■ Input records:
++++++++

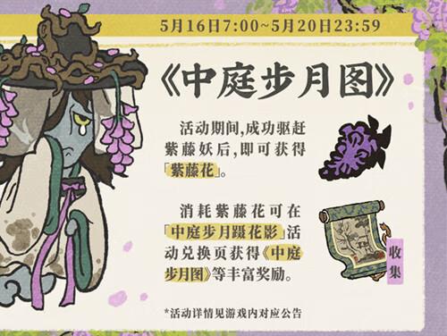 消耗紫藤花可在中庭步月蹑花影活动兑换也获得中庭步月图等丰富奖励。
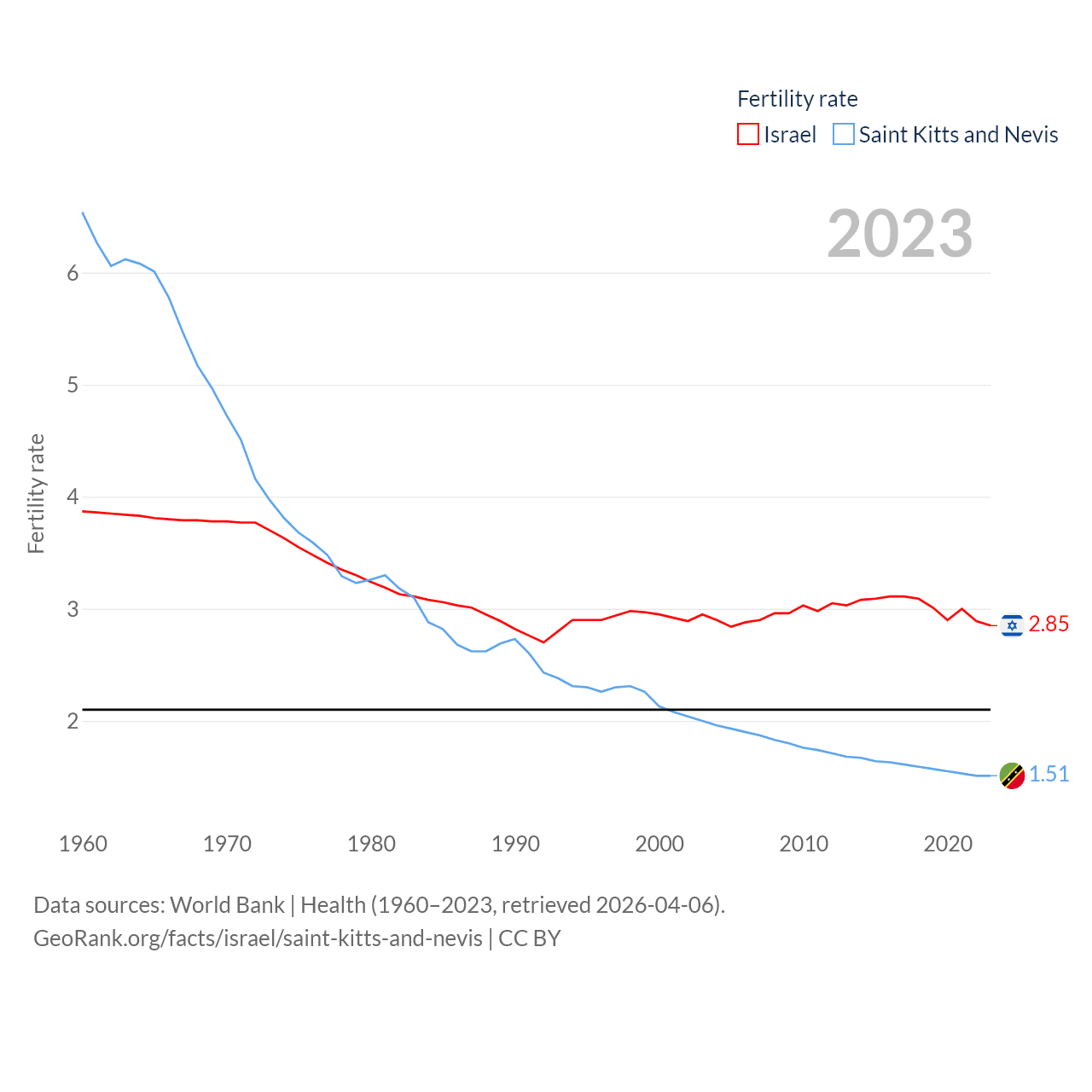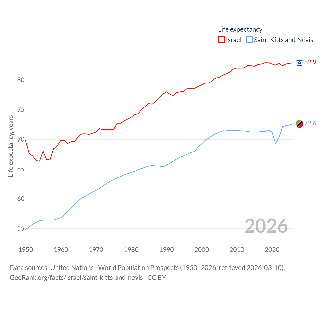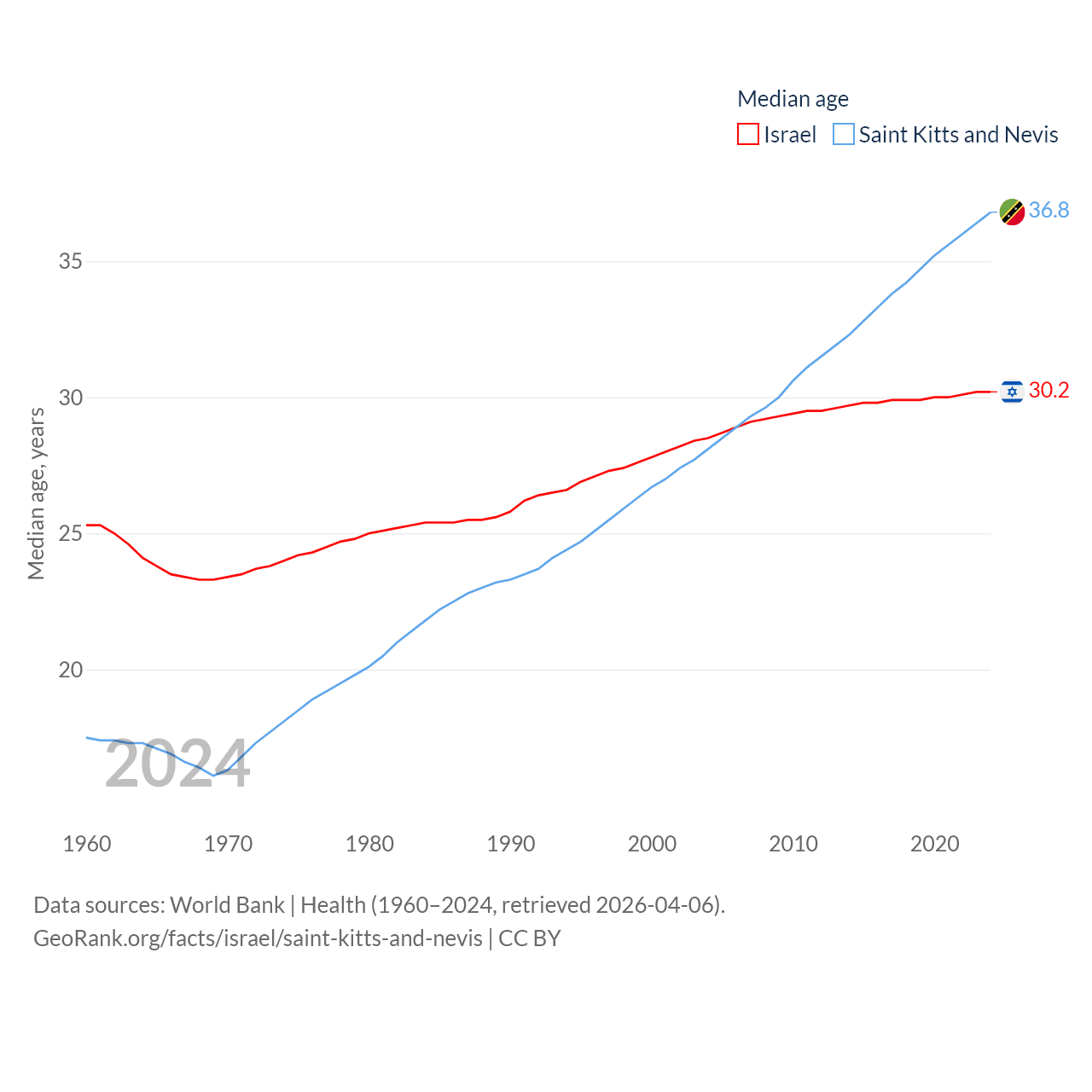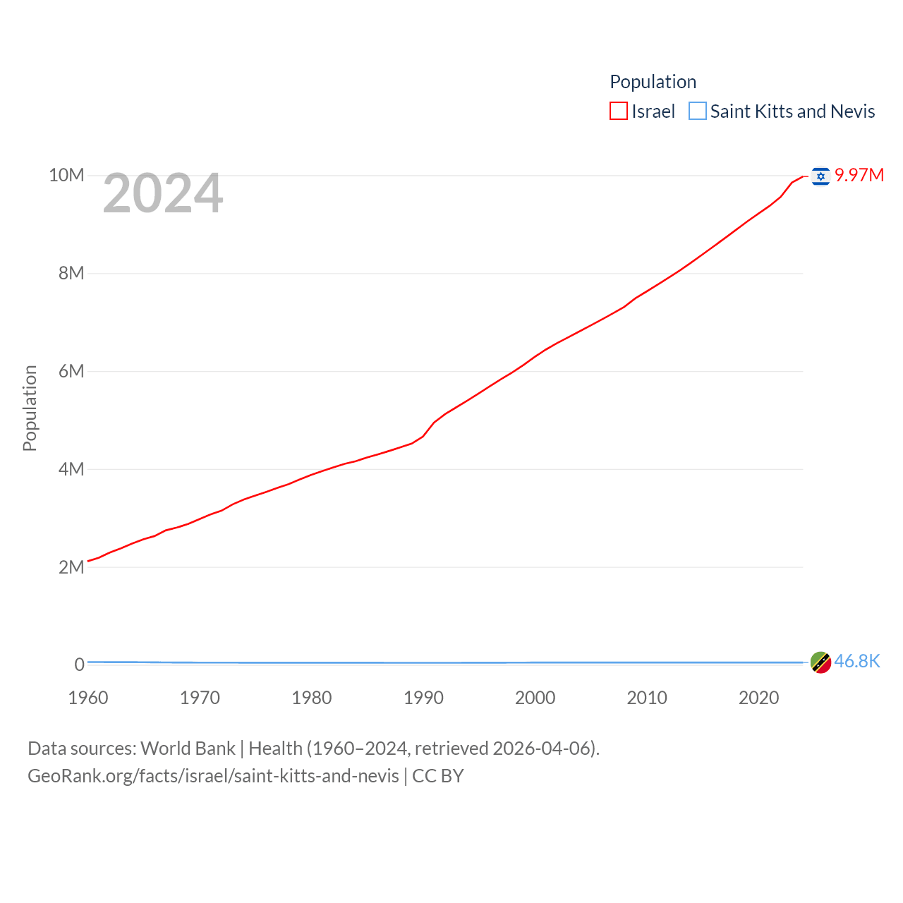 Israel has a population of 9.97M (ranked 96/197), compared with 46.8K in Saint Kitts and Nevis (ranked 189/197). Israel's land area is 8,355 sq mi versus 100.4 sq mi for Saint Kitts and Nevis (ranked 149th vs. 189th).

++++++++

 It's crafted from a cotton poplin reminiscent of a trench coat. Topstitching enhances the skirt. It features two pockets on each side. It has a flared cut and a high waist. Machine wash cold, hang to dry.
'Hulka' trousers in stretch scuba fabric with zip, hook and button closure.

++++++++

■ What to do:
Return only the part of the records above that opens with the line containing "It's crafted from" and closes with the line containing "and button closure.", ends included.

■ Answer space:
 It's crafted from a cotton poplin reminiscent of a trench coat. Topstitching enhances the skirt. It features two pockets on each side. It has a flared cut and a high waist. Machine wash cold, hang to dry.
'Hulka' trousers in stretch scuba fabric with zip, hook and button closure.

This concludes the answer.